As diferenças mais óbvias envolvem voz e fisicalidade. No teatro, essas escolhas muitas vezes precisam alcançar toda a plateia, enquanto o cinema permite ajustes muito menores e mais íntimos. Mas, para além disso, a maior mudança para mim é aprender a abrir mão de uma certa dose de controle.

No teatro, a atriz carrega a performance do começo ao fim diante de um público ao vivo. No cinema, o seu trabalho passa a fazer parte de um processo muito maior, que envolve câmera, montagem e inúmeras decisões criativas que acontecem depois que você termina de filmar. Meu trabalho é me entregar completamente a cada tomada, sabendo que ela poderá ser usada de uma maneira que eu nunca esperei — ou talvez nem seja usada.

Às vezes penso nisso como a diferença entre criar uma escultura sozinha e se tornar parte de uma escultura moldada por muitas mãos. O teatro dá à atriz uma sensação maior de autoria, enquanto o cinema muitas vezes parece como se você estivesse sendo cuidadosamente esculpida dentro da história.

E, claro, existe o público. No teatro, a energia dele pode transformar uma performance de uma noite para a outra. Uma plateia responsiva oferece a todo o elenco mais cores com as quais brincar.

Camilla Borghesani (Annabel Moeller Used with permissionof Woolf Comedy Productions)
Camilla Borghesani (Annabel Moeller Used with permissionof Woolf Comedy Productions)

Você parece especialmente interessada em personagens cuja lógica emocional é muito diferente da sua. O que mais te desafia — e também te fascina — nesse tipo de papel?

Cada personagem exige uma abordagem diferente, e muitas vezes eu gosto tanto da preparação quanto da própria performance. O que me fascina é tentar compreender a lógica interna de uma pessoa, especialmente quando ela difere muito da minha.

O desafio está em descobrir de onde vêm os desejos dela e enraizar esses objetivos profundamente o bastante dentro de mim para que comecem a parecer naturais. O que faz essa pessoa se sentir viva? Que experiências a moldaram? Onde está o ponto de encontro entre a perspectiva dela e a minha?

Tento não intelectualizar demais o processo. Para mim, atuar sempre foi uma jornada muito intuitiva. As técnicas podem variar de projeto para projeto, mas, no fim, estou buscando uma forma de habitar genuinamente a realidade de outra pessoa.

Com projetos como The Trek, The Retreat, Breathe Deep e Virginia Woolf’s Night & Day, você está vivendo um momento de expansão internacional.
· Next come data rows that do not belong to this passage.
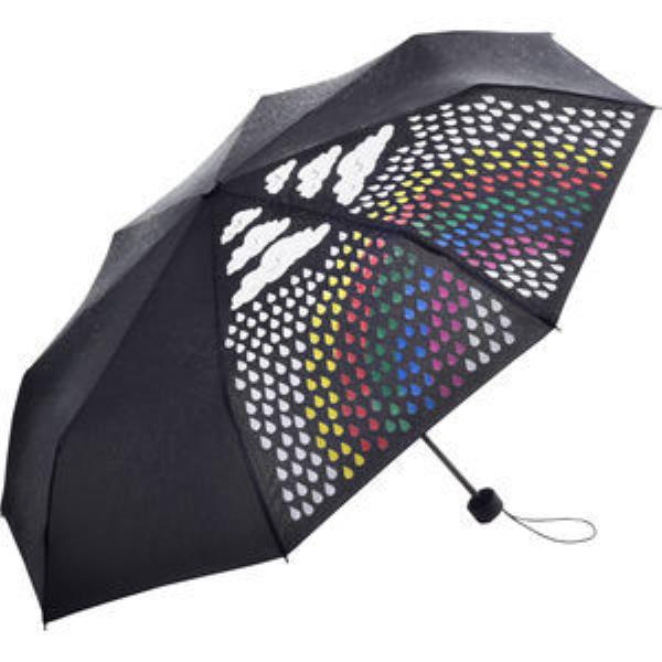 Colourful manual opening mini umbrella with surprising colour change design. Easy to handle thanks to safety runner, windproof features for higher frame flexibility and stability in windy conditions, cover with special imprint on two panels (white rain cloud motif becomes visible in dry condition, coloured rainbow-motif becomes visible in wet conditions), Soft-Touch handle with promotional labelling option. Also available as regular umbrella art. 1142C).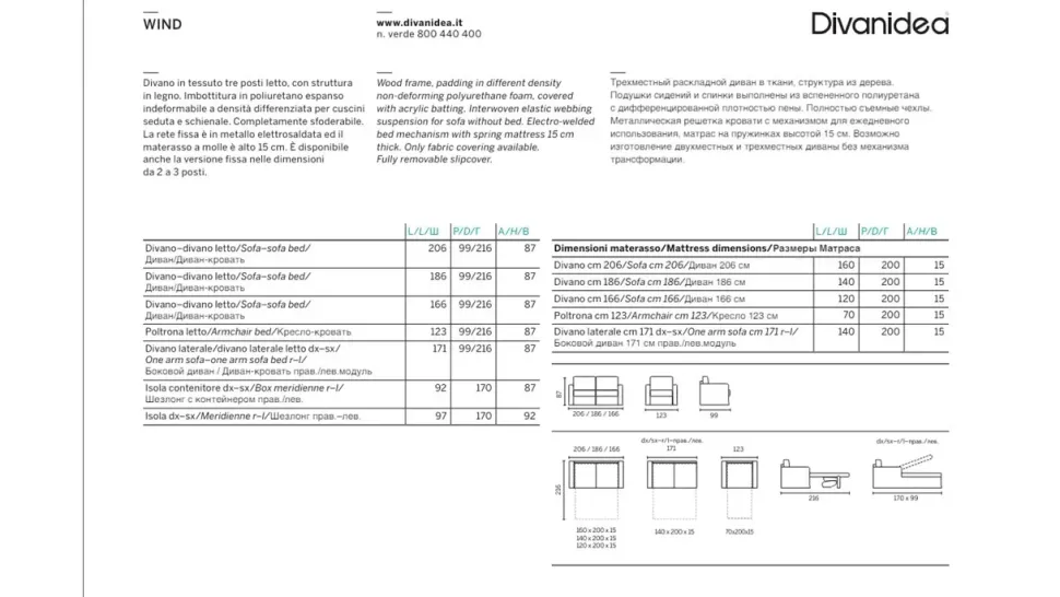 Divano con struttura in legno. Imbottitura in poliuretano espanso indeformabile a densità differenziata per cuscini seduta e schienale. Rivestimento in tessuto completamente sfoderabile. La rete fissa è in metallo elettrosaldata ed il materasso in poliuretano è alto 12 cm.
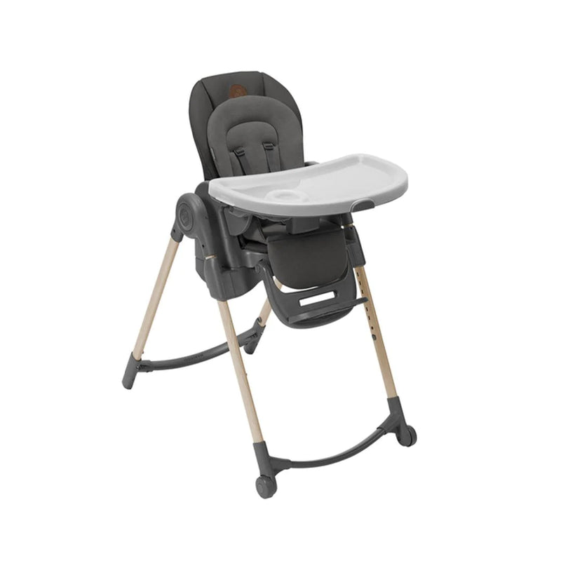 The Maxi-Cosi Minla Beyond Eco Highchair in Beyond Graphite is a fully adjustable high chair to make your life easier. With five recline positions and nine different height options, the Minla can be used from birth to 14 years old. First as a reclined infant seat with its cosy inlay, then as the months and years go by, you can use it as a highchair, a booster seat and then finally as a stool to sit at the family table.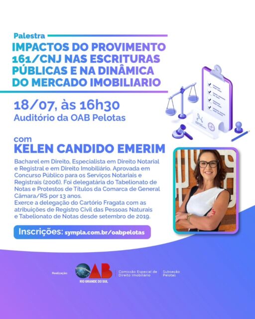 A Comissão Especial de Direito Imobiliário da OAB Pelotas promove a palestra “Impactos do Provimento 161/CNJ nas Escrituras Públicas e na Dinâmica do Mercado Imobiliário”, que acontecerá no dia 18 de julho, às 16h30, no Auditório da OAB Pelotas.

Que tipos de histórias e papéis mais deseja explorar a seguir?

O que mais me entusiasma é que todos esses projetos são muito diferentes entre si. As personagens, os universos e até os gêneros variam enormemente, e eu adoraria continuar nessa trajetória.

Sou atraída por histórias que me desafiem a entrar em territórios emocionais e psicológicos desconhecidos. Seja em forma de drama de época, thriller psicológico ou algo completamente inesperado, o que mais me interessa são papéis que exijam transformação e ofereçam uma perspectiva que eu ainda não explorei. Quanto mais diferente de mim for a personagem, mais curiosidade eu sinto em compreendê-la.